**RECORDED INFORMATION**
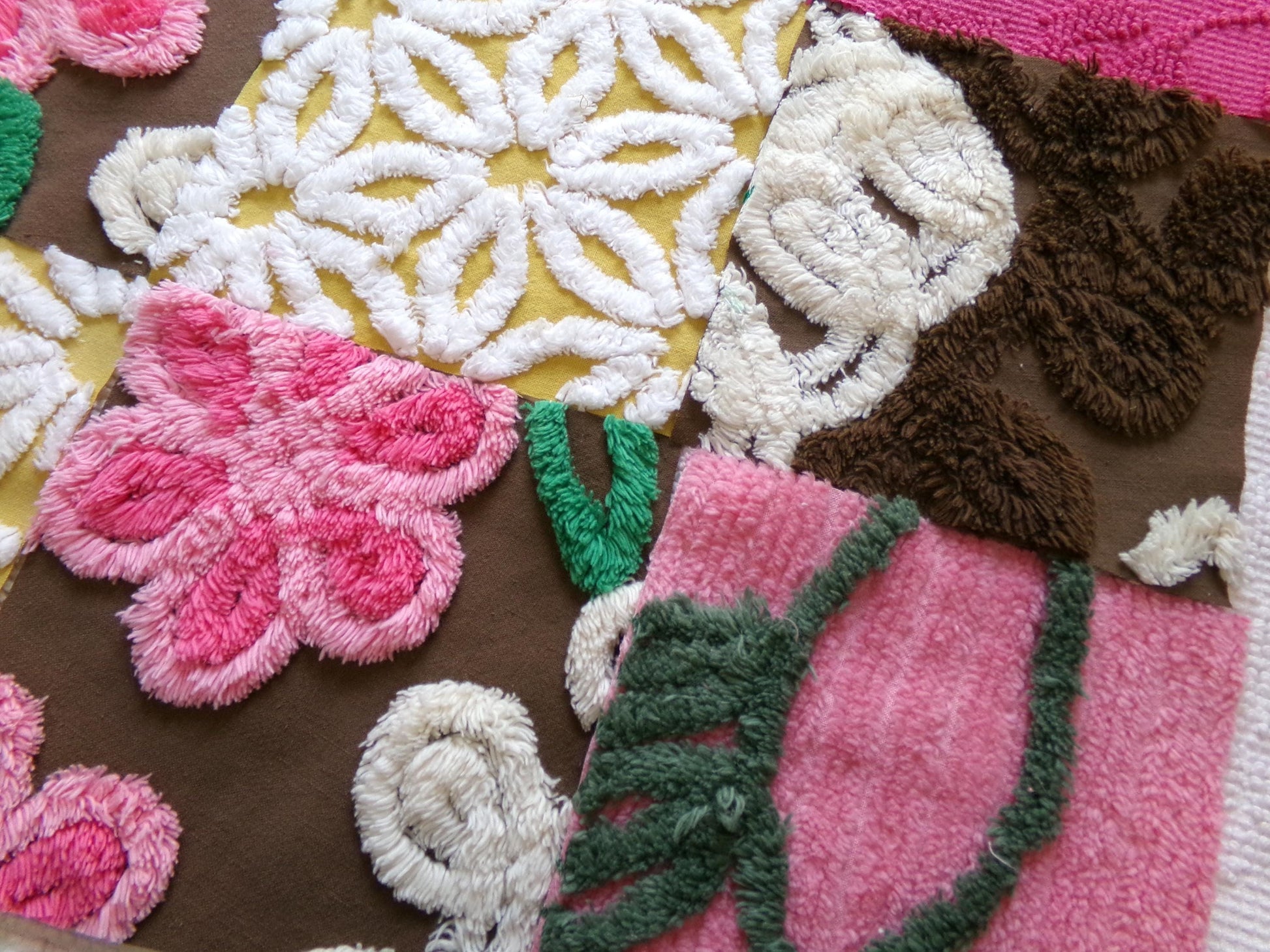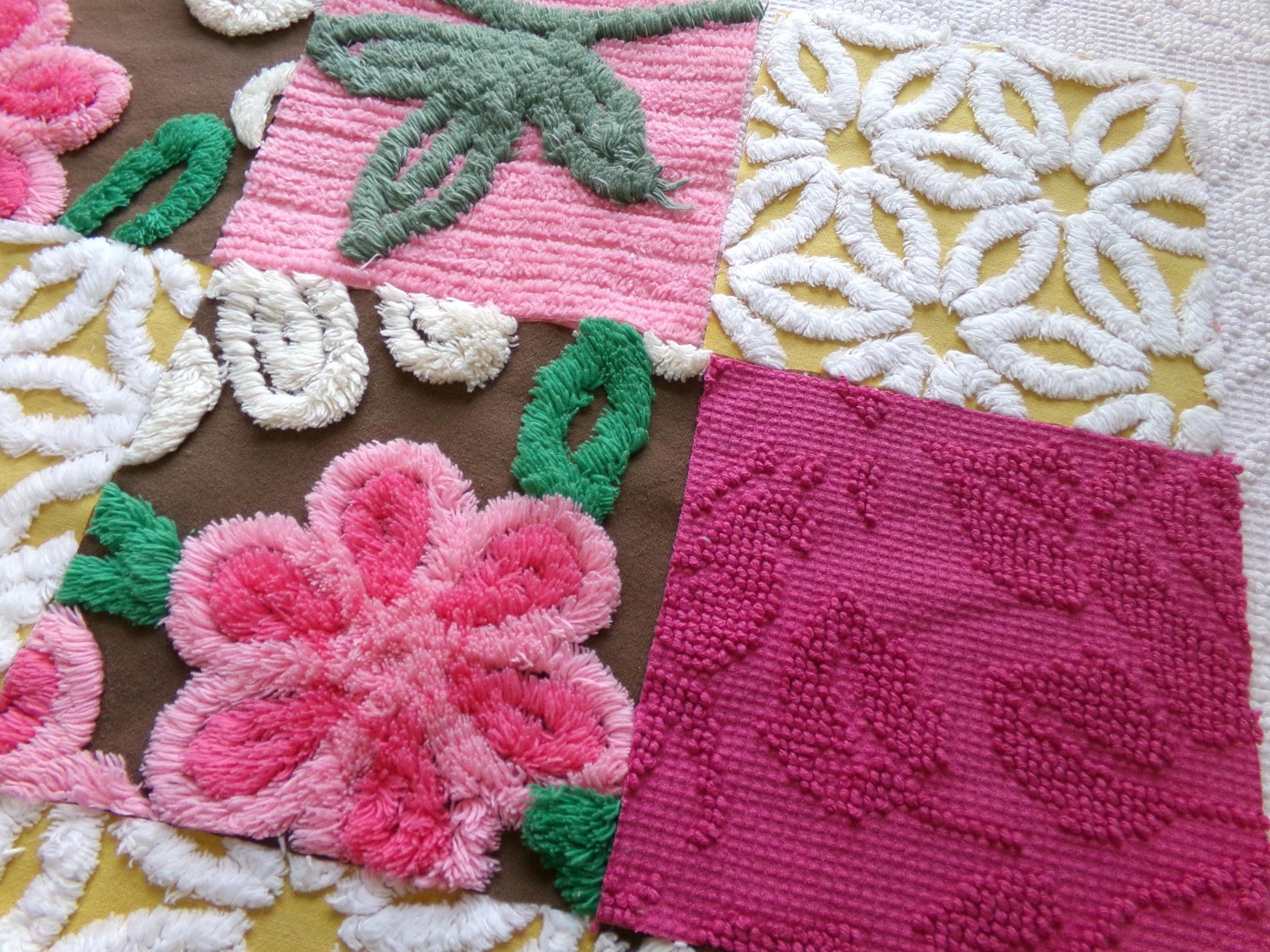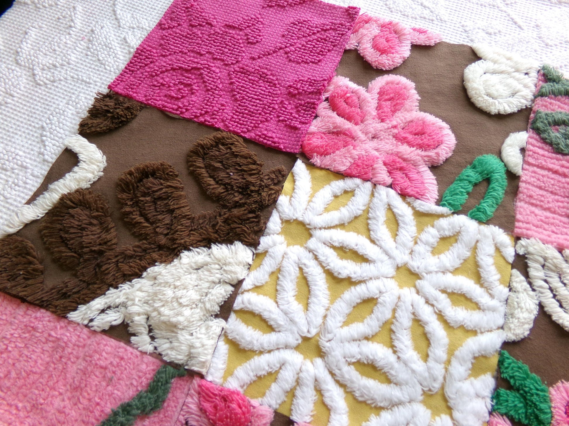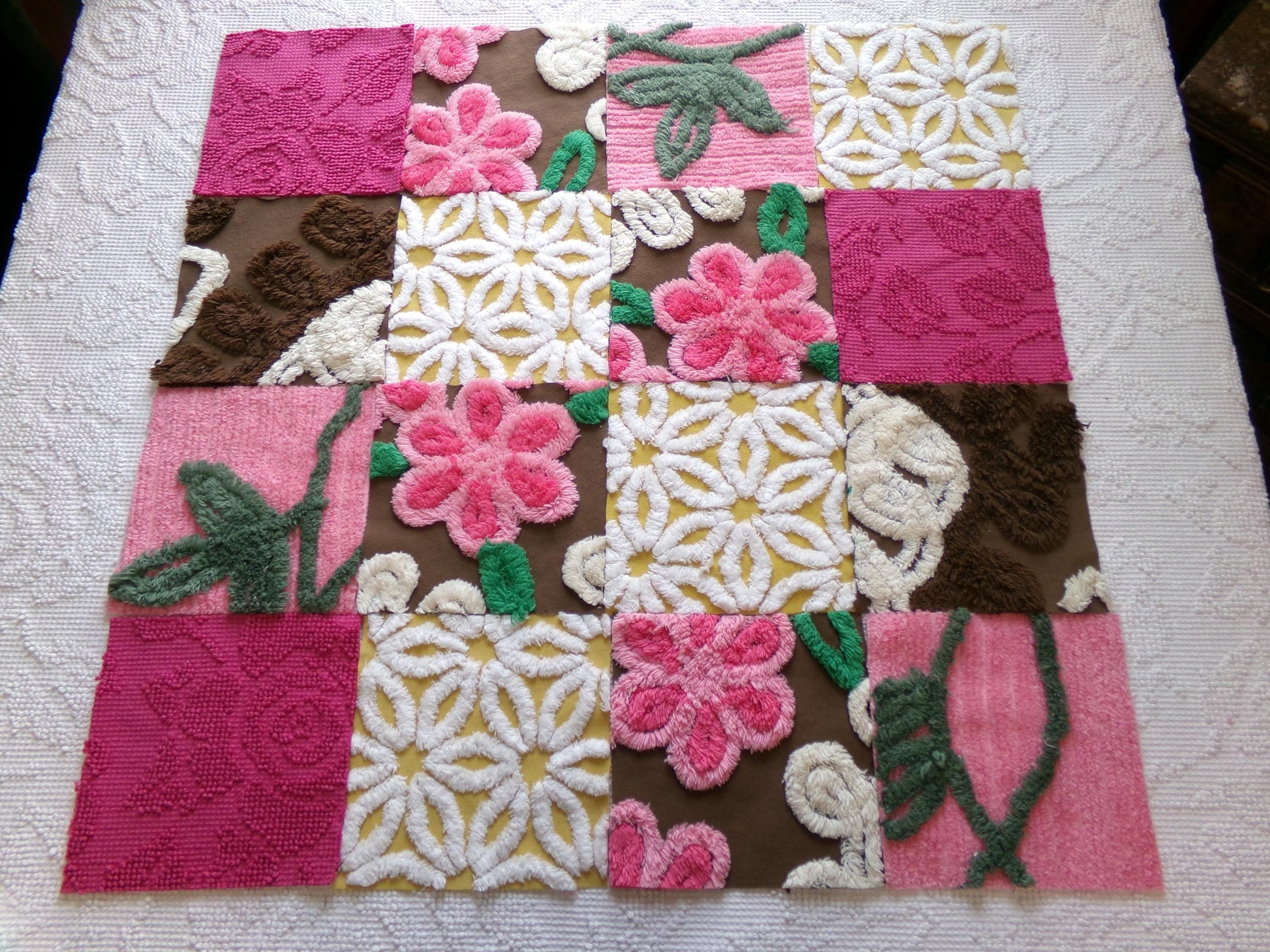 see more, cottagedivine.comWhat a fun set of 16 vintage style chenille fabric squares measuring 6" each... I chose some really different shades and patterns to inspire your own creativity.
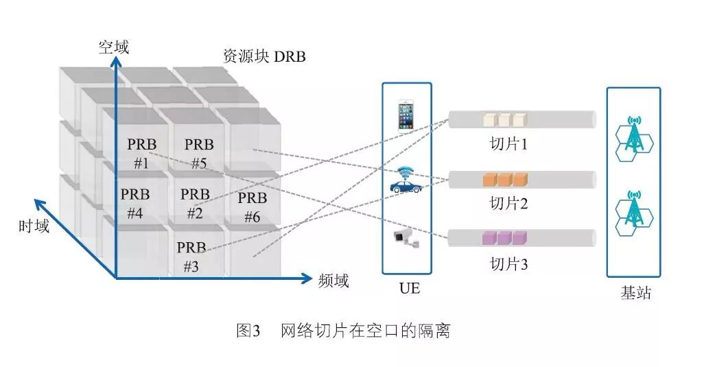 接入网络由无线空口和基础处理资源构成。如图3所示, 5G正交频分多址(OFDMA)系统中,无线频谱从时域、频域、空域维度被划分为不同的资源块,用于承载数据在无线空口的传输。无线频谱资源的隔离可以分为物理隔离和逻辑隔离。物理隔离是给网络切片分配专用频谱带宽,这时分配给切片的资源块是连续的。逻辑隔离是资源块按照不同切片的要求按需分配,这时分配给每个切片的资源块是不连续的,多个切片共享总的频谱资源。
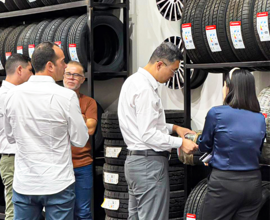 A visita incluiu encontros em algumas lojas parceiras da Rede Mais Pneus, rede responsável pela comercialização dos pneus Chengshan no Brasil.

**EXERCISE PROMPT**
Print the data above exactly; drop every picture.

**SOLUTION TO THIS PROBLEM**
 see more, cottagedivine.comWhat a fun set of 16 vintage style chenille fabric squares measuring 6" each... I chose some really different shades and patterns to inspire your own creativity.
 接入网络由无线空口和基础处理资源构成。如图3所示, 5G正交频分多址(OFDMA)系统中,无线频谱从时域、频域、空域维度被划分为不同的资源块,用于承载数据在无线空口的传输。无线频谱资源的隔离可以分为物理隔离和逻辑隔离。物理隔离是给网络切片分配专用频谱带宽,这时分配给切片的资源块是连续的。逻辑隔离是资源块按照不同切片的要求按需分配,这时分配给每个切片的资源块是不连续的,多个切片共享总的频谱资源。
 A visita incluiu encontros em algumas lojas parceiras da Rede Mais Pneus, rede responsável pela comercialização dos pneus Chengshan no Brasil.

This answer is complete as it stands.